Robert Denoël, éditeur

1923

Février

 

Le 1er : Robert est nommé caporal, grade qui lui est retiré quinze jours plus tard « pour avoir cassé ses arrêts, se croyant obligé, crainte de son père, d’assister à la prise de voile d’une de ses sœurs », selon Robert Beckers.

Au témoignage de sa femme, Robert ne resta pas longtemps à Beverlo : « cet anti-militariste-né y fut un bien piètre soldat. Rapidement, il dut quitter le camp ; il fut envoyé dans un hôpital militaire à Anvers. »

 

 

Octobre

 

Denoël prend une inscription aux cours de Philosophie et Lettres, préparatoires au Droit, à l’université de Liège. Pourquoi ce changement de cap ? Cécile écrit : « Un jour, ayant assisté à une opération grave sur un enfant, cela le toucha si profondément qu'il décida d'abandonner la médecine. Mais il fallait bien continuer ses études. Il opta pour le Droit qu'il commença étant encore sous les drapeaux. »

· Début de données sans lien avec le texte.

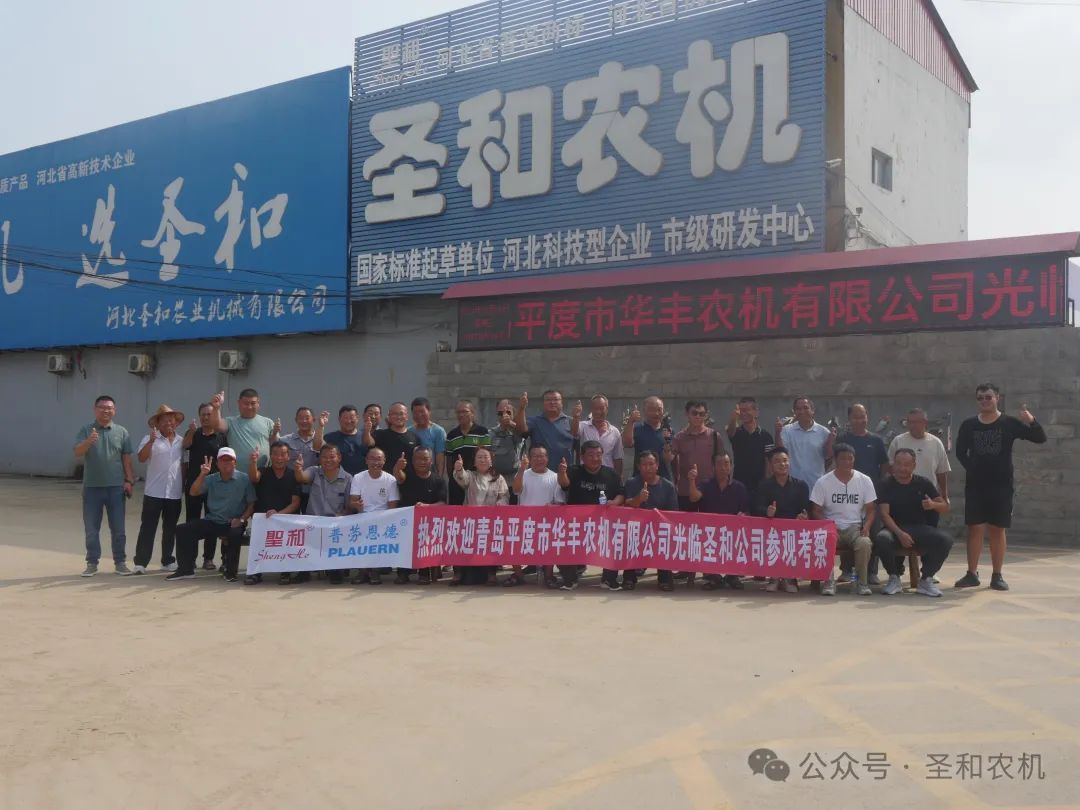 2024年8月14日,平度市農機手、合作社代表40余人,在青島平度市華豐農機有限公司陳秋里總經理的帶領下,到河北圣和農業機械有限公司進行實地參觀考察。圣和公司營銷管理中心總經理郭廣彥對參觀團的來訪表示熱烈的歡迎,并熱情接待。

« Un jour, Denoël m’informa qu’il renonçait à terminer ses études de Sciences et qu’il allait, comme moi, " faire " les Lettres. Nous nous retrouvâmes, mais pas souvent, sur les bancs d’un même auditoire », écrit Georges Poulet.

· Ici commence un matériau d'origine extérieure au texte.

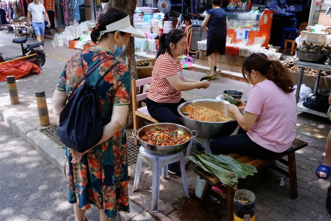 老板很骄傲,远在马鞍北路的太婆都要特地前来。马鞍北路,一直是成都最著名的粽子销售一条街。

Robert avait-il été impressionné par les réalités de la médecine, comme le croyait Cécile, ou avait-il cédé à la pression familiale où il était d’usage que l’un des enfants « fasse le droit » ? Ce qui est sûr, c’est qu’il parla plus tard à Champigny de « l’horreur du service militaire ».

 

Décembre

 

Le 4, il est démobilisé. En Belgique, à cette époque, on n’était jamais complètement quitte avec l’armée : quelle que soit l’orientation professionnelle ultérieure, elle pouvait, au cours des dix années qui suivaient son service militaire, rappeler un conscrit pour des « manœuvres ».

A ma connaissance, Denoël n’en fit pas mais, le 1er avril 1926, il fut versé au 2e Corps médical, dont la base était à Gand. Et le 15 janvier 1930, il fut nommé caporal. Ces « avancements » administratifs n’ont habituellement aucune incidence sur la vie des appelés en temps de paix.